* **EXERCISE AIM**: An exact copy of the entries below is needed, with every picture left out.
:::::
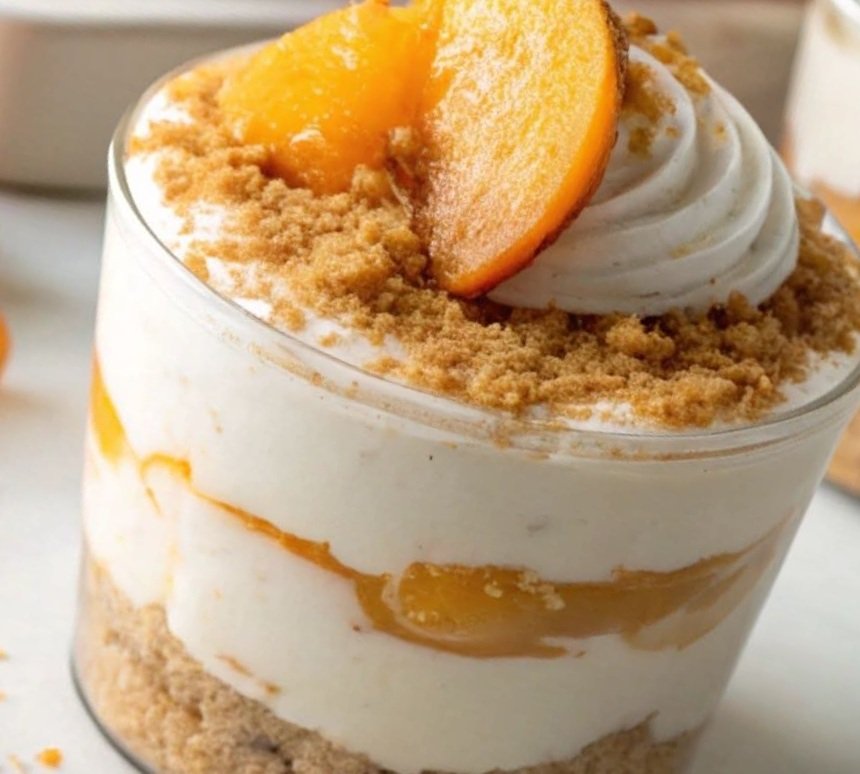 NoBakeDessert #PeachCobblerCups #SummerTreats #EasyDesserts #PeachyKeen
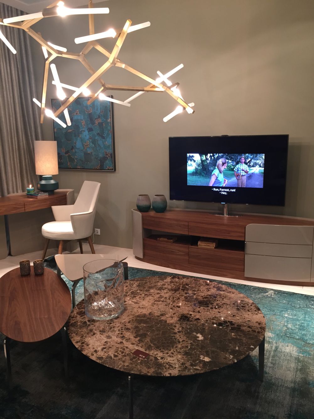 Taupe, tan hermoso y sereno como es, tiende a sentirse un poco aburrido cuando se deja que se las arregle solo en el diseño. Con su hermosa estética azul verdosa, el color verde azulado aporta ese elemento de agua y vida que capta de inmediato la energía y el atractivo fresco de un espacio neutral de color topo. Por supuesto, siluetas interesantes como este colgante abstracto de rama dorada siempre elevarán el nivel de interés visual en cualquier espacio, independientemente de la combinación de colores.
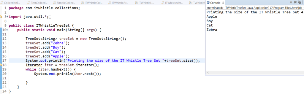 System.out.println("Printing the size of the IT Whistle Tree Set " + treeSet.size());
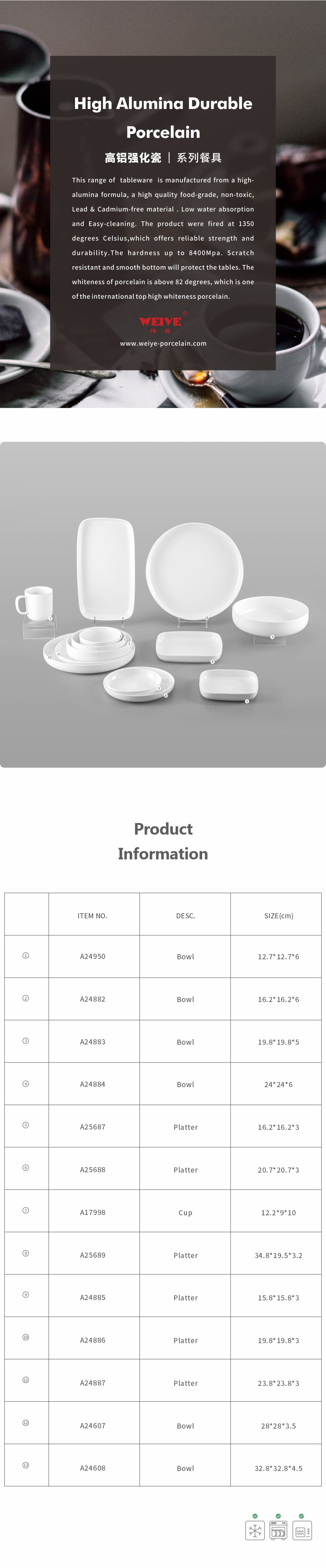 This range of tableware is manufactured from a high-alumina formula, a high quality food-grade, non-toxic, Lead & Cadmium-free material . Low water absorption and Easy-cleaning. The product were fired at 1350 degrees Celsius,which offers reliable strength and durability.The hardness up to 8400Mpa. Scratch resistant and smooth bottom will protect the tables. The whiteness of porcelain is above 82 degrees, which is one of the international top high whiteness porcelain.
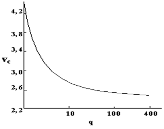 Рисунок 3 – Залежність VC від q (параметра форми профілю показника заломлення) в одномодових волокнах з градієнтним профілем серцевини.З рисунку видно, що VC зростає від ~2,405 для східчастого профілю (q=¥) до 4,381 для трикутного (q=1). Зокрема, для q=2 (тобто параболічного профілю) VC »3,52, що означає - параболічний профіль серцевини в одномодовому волокні дає можливість одержувати одномодовий режим при дуже великих в при певних l. Вище відзначалося, що в одномодових волокнах за умови ізотропності поширюється одна мода. З цієї причини в такому волокні відсутня модова дисперсія. Проте, у процесі поширення оптичних імпульсів їхня тривалість зростає. Причиною цього розширення імпульсів є хроматична дисперсія. Вона викликана залежністю показника заломлення від довжини хвилі світла, що поширюється, Згідно з даними, наведеними у, коефіцієнт заломлення :
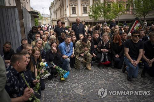 Relatives and friends react during the funeral of Melnyk Andriy, Shufryn Andriy and Ankratov Oleksandra, three Ukrainian military servicemen who were killed in the east of the country, in Lviv, Ukraine, Saturday, May 14, 2022. (AP Photo/Emilio Morenatti)
:::::
* **ANSWER SPACE**:
 NoBakeDessert #PeachCobblerCups #SummerTreats #EasyDesserts #PeachyKeen
 Taupe, tan hermoso y sereno como es, tiende a sentirse un poco aburrido cuando se deja que se las arregle solo en el diseño. Con su hermosa estética azul verdosa, el color verde azulado aporta ese elemento de agua y vida que capta de inmediato la energía y el atractivo fresco de un espacio neutral de color topo. Por supuesto, siluetas interesantes como este colgante abstracto de rama dorada siempre elevarán el nivel de interés visual en cualquier espacio, independientemente de la combinación de colores.
 System.out.println("Printing the size of the IT Whistle Tree Set " + treeSet.size());
 This range of tableware is manufactured from a high-alumina formula, a high quality food-grade, non-toxic, Lead & Cadmium-free material . Low water absorption and Easy-cleaning. The product were fired at 1350 degrees Celsius,which offers reliable strength and durability.The hardness up to 8400Mpa. Scratch resistant and smooth bottom will protect the tables. The whiteness of porcelain is above 82 degrees, which is one of the international top high whiteness porcelain.
 Рисунок 3 – Залежність VC від q (параметра форми профілю показника заломлення) в одномодових волокнах з градієнтним профілем серцевини.З рисунку видно, що VC зростає від ~2,405 для східчастого профілю (q=¥) до 4,381 для трикутного (q=1). Зокрема, для q=2 (тобто параболічного профілю) VC »3,52, що означає - параболічний профіль серцевини в одномодовому волокні дає можливість одержувати одномодовий режим при дуже великих в при певних l. Вище відзначалося, що в одномодових волокнах за умови ізотропності поширюється одна мода. З цієї причини в такому волокні відсутня модова дисперсія. Проте, у процесі поширення оптичних імпульсів їхня тривалість зростає. Причиною цього розширення імпульсів є хроматична дисперсія. Вона викликана залежністю показника заломлення від довжини хвилі світла, що поширюється, Згідно з даними, наведеними у, коефіцієнт заломлення :
 Relatives and friends react during the funeral of Melnyk Andriy, Shufryn Andriy and Ankratov Oleksandra, three Ukrainian military servicemen who were killed in the east of the country, in Lviv, Ukraine, Saturday, May 14, 2022. (AP Photo/Emilio Morenatti)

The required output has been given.